Smith’s regret goes public across multiple platforms
Stephen A. Smith, the ESPN commentator best known for “First Take,” has gone on multiple shows since the 2024 election to say he regrets voting for Kamala Harris. Smith repeated variations of the same themes across interviews: he felt “misinformed,” he felt “guilted” by left-leaning pressure campaigns, and he believes he and others were sold an image of Harris that didn’t match her political record. In one appearance, he used harsh language toward himself for falling for it.
Smith’s timeline matters because his comments were not a one-off rant after Election Day. Reports describe him making similar points in early December 2024 on Fox News and then again in January 2025, including conversations with Dave Rubin and Bill Maher. He did not claim he switched his vote after the fact; he said he voted for Harris and later concluded he made the wrong call, especially after reassessing the party’s tactics and messaging.
His central critique: pressure politics replaced persuasion
Smith’s criticism lands with many voters who are exhausted by being lectured instead of listened to. He described a culture where dissent is treated as moral failure—particularly for voters expected to stay loyal based on identity. Reports note he took issue with messaging that framed Black men’s hesitation toward Democrats as misogyny, and he argued that kind of rhetoric is designed to shame people into compliance rather than earn their support through competence, results, and respect.
That’s a key point for constitutional-minded conservatives and persuadable independents alike: when a political coalition relies on social punishment to hold voters, it becomes less accountable to the public. Smith’s remarks don’t prove a coordinated “machine” in a legal sense, but they do document a real incentive structure—media narratives, celebrity cues, and social pressure—that can warp democratic decision-making. If voters feel bullied into agreement, elections become less about consent and more about coercion.

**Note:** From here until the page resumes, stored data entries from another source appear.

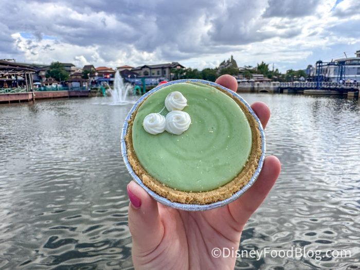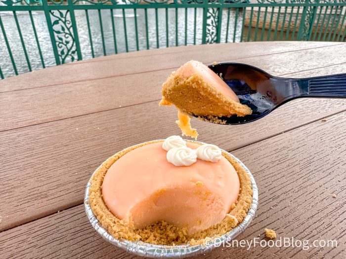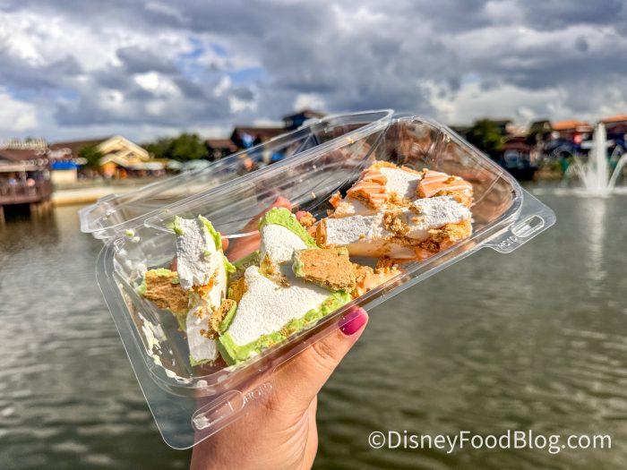 Next, we tried the Orange Cream S’more and the Key Lime S’more for $6.99 each. They are actually similar to another Disney s’more, the PBJ s’more, from Zuri’s Sweet Shop in Animal Kingdom. These are like regular s’mores on the inside, with a graham cracker and marshmallow. The outside is a white chocolate layering flavored to either orange cream or key lime.
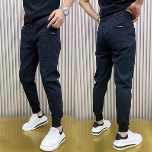 秋季新款小脚休闲裤子男网红痞帅六兜修身纯色弹力束脚哈伦工装裤
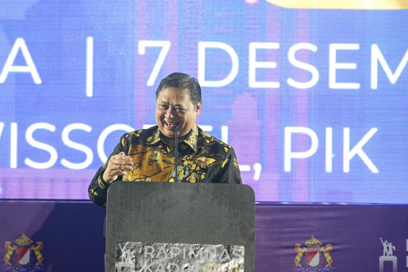 Perekonomian Airlangga Hartarto dalam Rapat Pimpinan Nasional Kamar Dagang dan Industri Indonesia (KADIN) 2023 yang bertema “Pemilu Damai, Ekonomi Tumbuh, Menuju Indonesia Emas 2045” di Jakarta, Kamis (7/12).
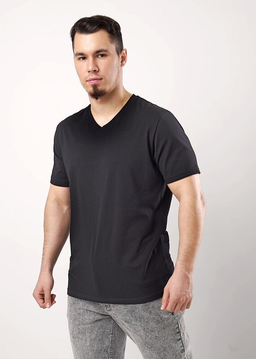 Фуфайка базовой посадки, v-образный вырез горловины, короткий рукав.
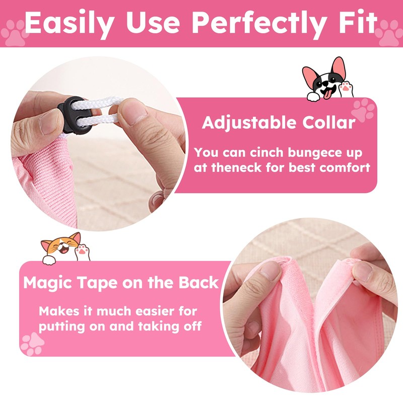 - 【Easy to Use】Breathable surgical recovery shirt features adjustable neck elastic band and back velcro tape design, it is easy for your pet to wear, and you can adjust it to the appropriate size to fit your cat's body type. The larger rear opening enables cats to use the litter tray without removing the garment, keeping them comfortable and mobile while protecting floors, beds, and rugs from stains and damage.

Harris’s 2020 collapse and the 2024 nomination questions
Smith also pointed to Harris’s 2020 Democratic primary performance as a reality check that many voters remember. Multiple reports reference that Harris dropped out before the first nominating contest, failing to generate meaningful grassroots support. Smith argued that Democrats later sold her as a “rockstar” in 2024 anyway, after President Biden stepped aside, and he questioned the legitimacy of elevating her without a standard primary process that forces candidates to face voters directly.
Those concerns tap into a broader frustration among older conservatives and working-class Americans: party elites making decisions behind closed doors, then demanding the public “celebrate” the outcome. Smith’s commentary echoes what many voters have said about modern politics—too much top-down messaging, not enough accountability. Even people who dislike Trump’s tone often still want leaders chosen through transparent processes, not through media-driven narratives and internal party consolidation.
What Smith said about Trump—and why it complicates the narrative
Smith did not frame his regret as an endorsement of everything Trump has said or done. Reports describe him drawing a distinction between Trump’s personal behavior and claims about Trump being uniquely evil or abnormal. Smith has also noted he knew Trump before politics and has pushed back on some of the most extreme labels used by opponents. That matters because it shows his regret is not simply partisan; it’s tied to perceived misinformation and political exaggeration.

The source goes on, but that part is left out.